As can be seen the matrix relationships are shown behind the portrayal of the associative dimension that uses position ( the puzzle squares in order ). It was easy to write this as I have done enough GL so that it just flows. It is a bit spooky as this describes a matrix relationship that I do not completely understand, and yet I can make it, operate it and use it. It is odd in practice to establish the hints as methods upon matrix elements that act in parallel, rather than as separate methods which are applied in sequence. The matrix comprises a dynamic form which changes with each piece of information and mutates continuously. I am now thinking about a third matrix which is the matrix of methods interaction which is a factorial array. That is going to be even more spooky.

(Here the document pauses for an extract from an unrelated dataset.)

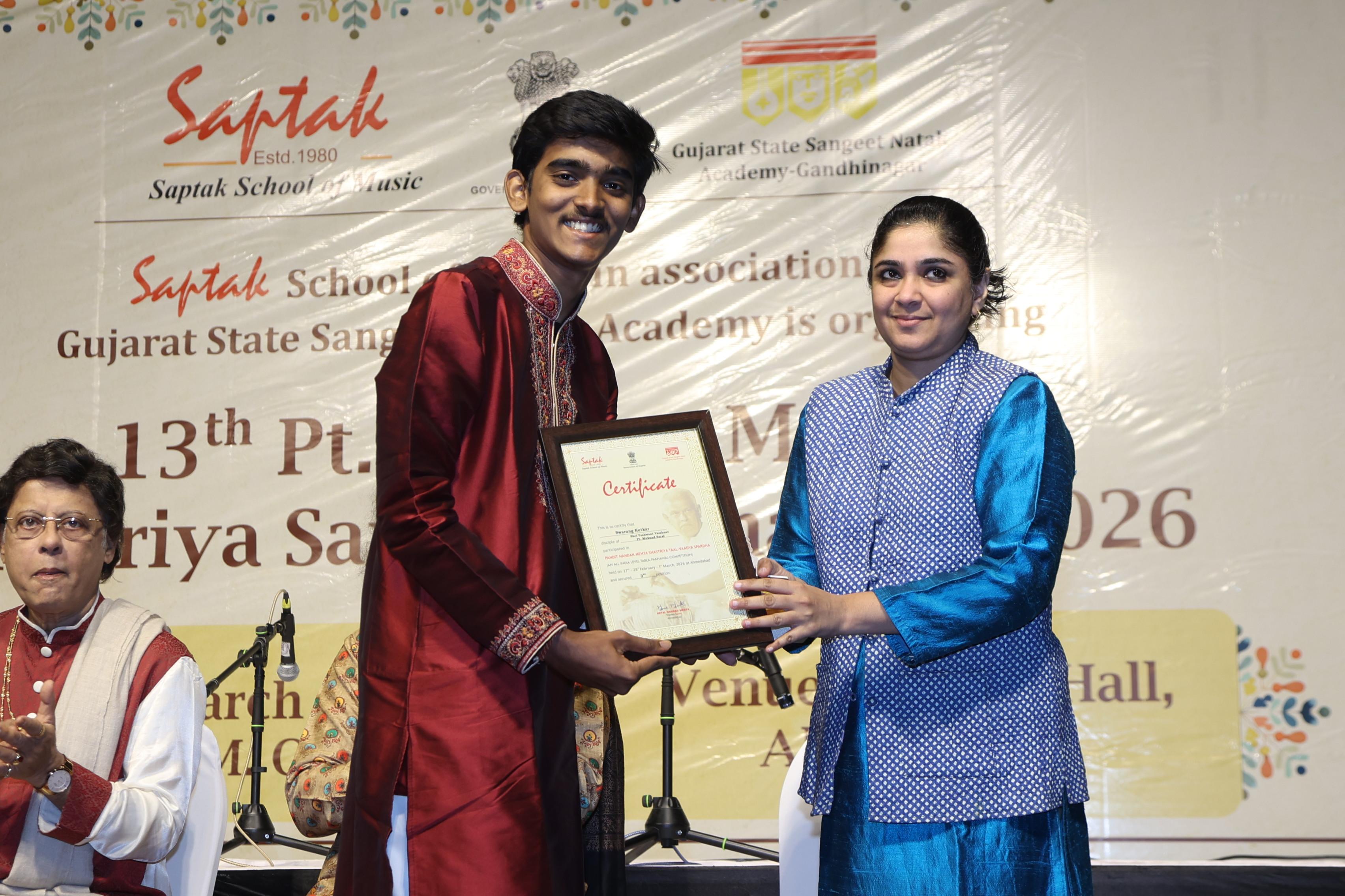 The first-prize winner of this competition earns a coveted solo performance at Saptak’s prestigious Annual Music Festival in January, while other promising young participants would get an opportunity to perform at various Saptak events throughout the year.

I have spent a lot of time with this game concept , but it has been a valuable learning experience. I have learned some very interesting things about logic itself, in the process. I have a feeling that as a result of this I will have a new mathematical tool that I can use for many different purposes. I intend to implement probability associations and formula relationships within the matrix and this game is a simple sub set of those concepts. In the game probability is 1 and there are only unary mathematical relationships.
elementZ=Zbase+Zspacing*(float)i; elementX=XYbase*sin( 2.0 * M_PI * ( (float)j / (float)PUZZLE_SIZE ) ); elementY=XYbase*cos( 2.0 * M_PI * ( (float)j / (float)PUZZLE_SIZE ) );
The elements are applied to positions about a cylinder which extends in length as the rows and the steps about the circumference are the columns. The net result is 6^4 connections.
I added a kind of openGL LaTex in my code and that is interesting and even mildly amusing that I can have formulas and symbols generated in the flow of events. Many of the enhancements and fixes are incorporated and I plan to tar.gz it and put a new cleaner version up at the Google code site.